Erfüllte Zeit

10. 07. 2005, 7.05 Uhr - 8.00 Uhr, Österreich 1

 

 

 

„Das Gleichnis vom Sämann“

(Matthäus 13, 1 – 23)

von Regens Nikolaus Krasa

 

 

Darf ich sie heute morgens ein bisschen verwirren? Ich weiß schon, meine Aufgabe wäre eigentlich, Ihnen das heutige Sonntagsevangelium zu erklären. Am besten vermutlich so, dass dabei so etwas wie eine „message“ eine ganz einfache Botschaft herauskommt. Ein Inhalt, den sie sich leicht merken kann, an den Sie sich auch heute Abend noch erinnern können.

 

Nur: ich möchte heute genau das Gegenteil tun.
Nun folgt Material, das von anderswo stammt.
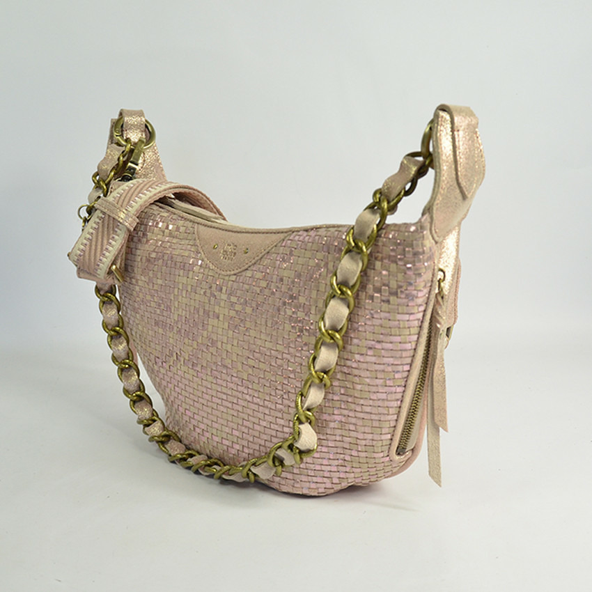 Mila Louise Rubina W Sac Besace Demi Lune Cuir Tressé Rosée

Ich will Sie verwirren. Die Sache nicht einfacher, sondern komplizierter machen. Ihnen nicht bloß eine „message“ liefern, sondern gleich mehrere, die noch dazu nicht 100prozentig zusammenpassen. Und ich tue das, nicht weil ich so boshaft bin, sondern, weil das eigentlich ein Thema des heutigen Evangelium ist: mach Dir’s nicht zu einfach, glaube nicht den platten Lösungen, lass Dich herausfordern von einem Text, der mehr zu sagen hat als es auf den ersten Blick scheint.

Der erste Blick ist ja recht einfach, eine leicht mitzuvollziehende Geschichte. Da geht einer und säht, und offenbar ist es um den Acker nicht besonders gut bestellt. Man kann sich leicht ein mediterranes Feld vorstellen, trocken, mit vielen Steinen, Unkraut und Fußwegen die teilweise quer durch laufen. Und so wie es um das Feld bestellt ist, so ist auch die Chance des Saatgutes. Manches wird gleich von den Vögeln weggeschnappt, anderes wächst ein bisschen auf und verdorrt, ein Teil hat unter den Disteln keine Chance, ein Teil aber wächst auf und bringt Frucht. Eine einfache Geschichte also. Eigentlich besser in den Worten des Matthäus, ein Gleichnis. Ein Vergleich also, ein Bild für eine dahinter liegende Wirklichkeit um die es eigentlich geht. Nur: worum geht es eigentlich. Achtung, jetzt versuche ich, Sie zu verwirren!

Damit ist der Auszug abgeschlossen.